> Task to carry out: Word for word, retype the lines from the one containing "北市擬定兩方案,第一種是由新" to the one containing "Olohuoneessa varaava takka, paikalla" below, keeping both end lines and dropping the pictures.

> Supplied information:
-=-=-=-=-

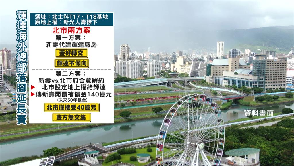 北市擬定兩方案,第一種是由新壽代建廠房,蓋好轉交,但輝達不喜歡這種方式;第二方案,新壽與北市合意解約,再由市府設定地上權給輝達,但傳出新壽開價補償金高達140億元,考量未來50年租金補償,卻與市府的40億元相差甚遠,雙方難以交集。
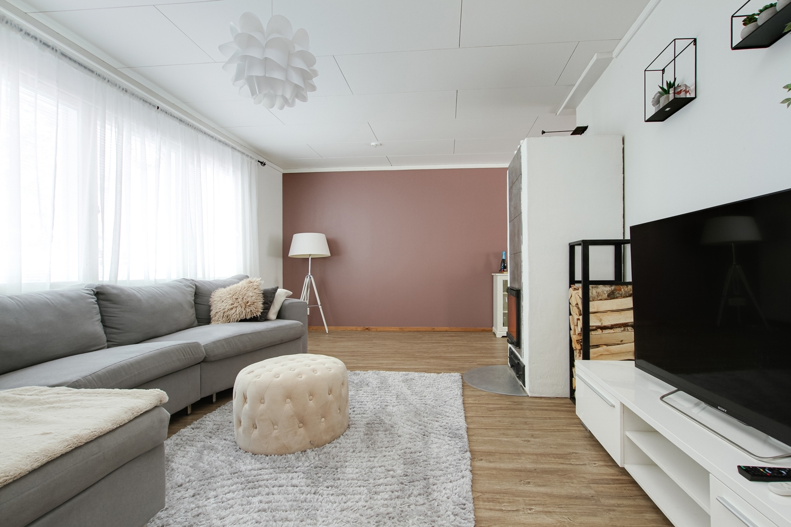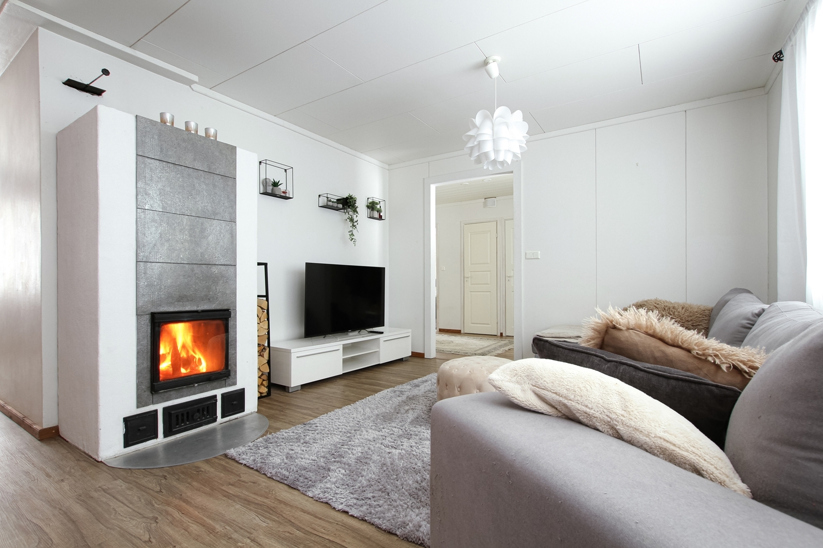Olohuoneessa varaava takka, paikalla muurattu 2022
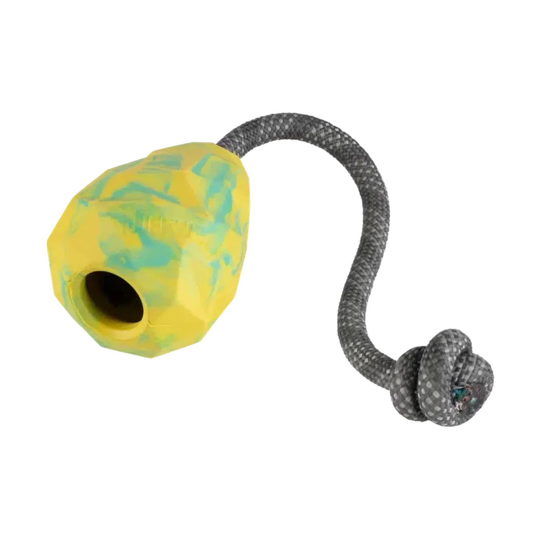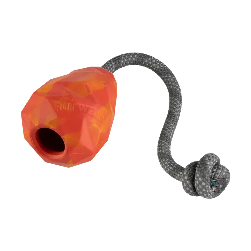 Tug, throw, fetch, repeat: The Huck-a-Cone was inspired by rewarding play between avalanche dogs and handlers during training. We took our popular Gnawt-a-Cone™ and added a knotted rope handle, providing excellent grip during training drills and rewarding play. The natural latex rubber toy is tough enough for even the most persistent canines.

-=-=-=-=-

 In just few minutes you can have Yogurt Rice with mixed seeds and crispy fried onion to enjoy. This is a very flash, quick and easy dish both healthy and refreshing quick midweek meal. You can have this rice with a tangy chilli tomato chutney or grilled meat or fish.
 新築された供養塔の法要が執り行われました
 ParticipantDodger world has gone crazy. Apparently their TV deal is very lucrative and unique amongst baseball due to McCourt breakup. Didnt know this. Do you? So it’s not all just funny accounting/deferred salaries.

-=-=-=-=-

> Task solution:
 北市擬定兩方案,第一種是由新壽代建廠房,蓋好轉交,但輝達不喜歡這種方式;第二方案,新壽與北市合意解約,再由市府設定地上權給輝達,但傳出新壽開價補償金高達140億元,考量未來50年租金補償,卻與市府的40億元相差甚遠,雙方難以交集。
Olohuoneessa varaava takka, paikalla muurattu 2022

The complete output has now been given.